Du silence au mot, de la douleur ineffable à son expression écrite puis orale, Doraibu mai kâ pense le deuil comme une lente délégation de la parole par laquelle un artiste se reconstruit en construisant une œuvre. L’art offre ainsi la médiation nécessaire entre l’un et les autres, entre l’individu saisi dans sa singularité et le collectif auquel il prête une voix, à la fois sienne, celle de son épouse ravie et celle des comédiens. Ryūsuke Hamaguchi dispose moins d’un talent de conteur que du talent de faire conter, et ses personnages deviennent tour à tour narrateurs et spectateurs attentifs d’une histoire banale et extraordinaire à la fois en ce qu’elle mêle la fiction à la réalité, plutôt convertit la trivialité du quotidien en une matière à songes.
Il est audacieux d’investir le cinéma, art visuel par excellence, en privilégiant la voix : celle d’Oto qui résonne pendant l’amour et les trajets en voiture, celle de Yūsuke qui se montre directive et précise lorsqu’elle s’adresse aux acteurs, bien plus rare en dehors du travail, celle enfin de Misaki, dont le mutisme initial disparaît à mesure qu’elle est amenée à se dire, à mesure que se compose entre elle et son passager un vivre-ensemble.
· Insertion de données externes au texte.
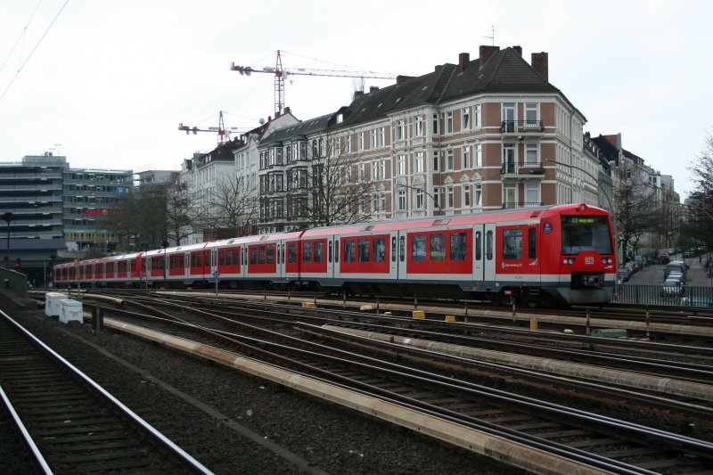 Hamburger S-Bahnzug der Linie S3 mit DB 474 112-0 am 19.4.2008 in Hamburg-Altona.
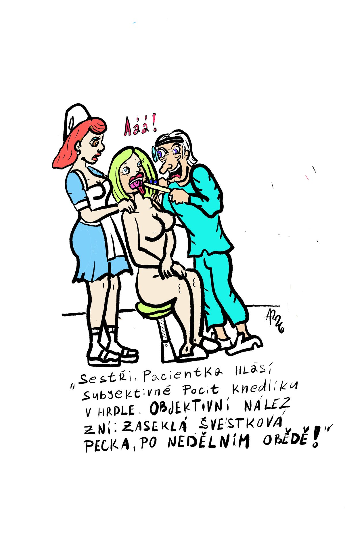 „Sestři, pacientka hlásí subjektivně pocit knedlíku v hrdle. Objektivní nález zní: zaseklá švestková pecka,po nedělním obědě!“

Au cœur du long métrage se trouvent donc, comme dans toute l’œuvre du cinéaste, des rituels intimes propices à l’éclosion de la parole, des espaces d’immobilité apparente qui font advenir l’humain dans un langage secret alors que rien ne paraît se passer ; une parole qui serait la parole pure, originelle, hors du jeu – voilà pourquoi Yūsuke interdit à ses acteurs les intonations factices et autres tentatives d’appropriation. Lire pour dire, seulement dire. Ces espaces langagiers (véhicule rouge, salles de travail et de spectacle, chambre à coucher) se voient aussitôt cultivés et par le film et par les personnages, ils obéissent à une nécessité qui, quand elle est perturbée par un retard ou un imprévu, engendre de la frustration.
Règne au cœur de Doraibu mai kâ une alchimie de la parole : du rien naît la chose, du lit d’hôtel vidé de son amante naît l’inspiration, d’Hiroshima naît une relation indéfinissable parce qu’elle ne se raconte pas directement, parce qu’elle est, à son tour, déléguée par l’intrigue théâtrale. Ryūsuke Hamaguchi a parfaitement saisi l’essence du théâtre et de l’art, il déjoue le piège de la projection pure de l’artiste (entendu comme être biographique) dans ce qu’il crée : l’essentiel réside non dans l’individuel strict mais dans la translation, dans la médiation par autrui qui permet une déconstruction et une reconstruction collective. La voiture en est une puissante métaphore, caisse de résonnance de cette polyphonie à l’œuvre. Se faire conduire, se faire conter. Un immense film, d’une intelligence et d’une maîtrise visuelle et tonale précieuses.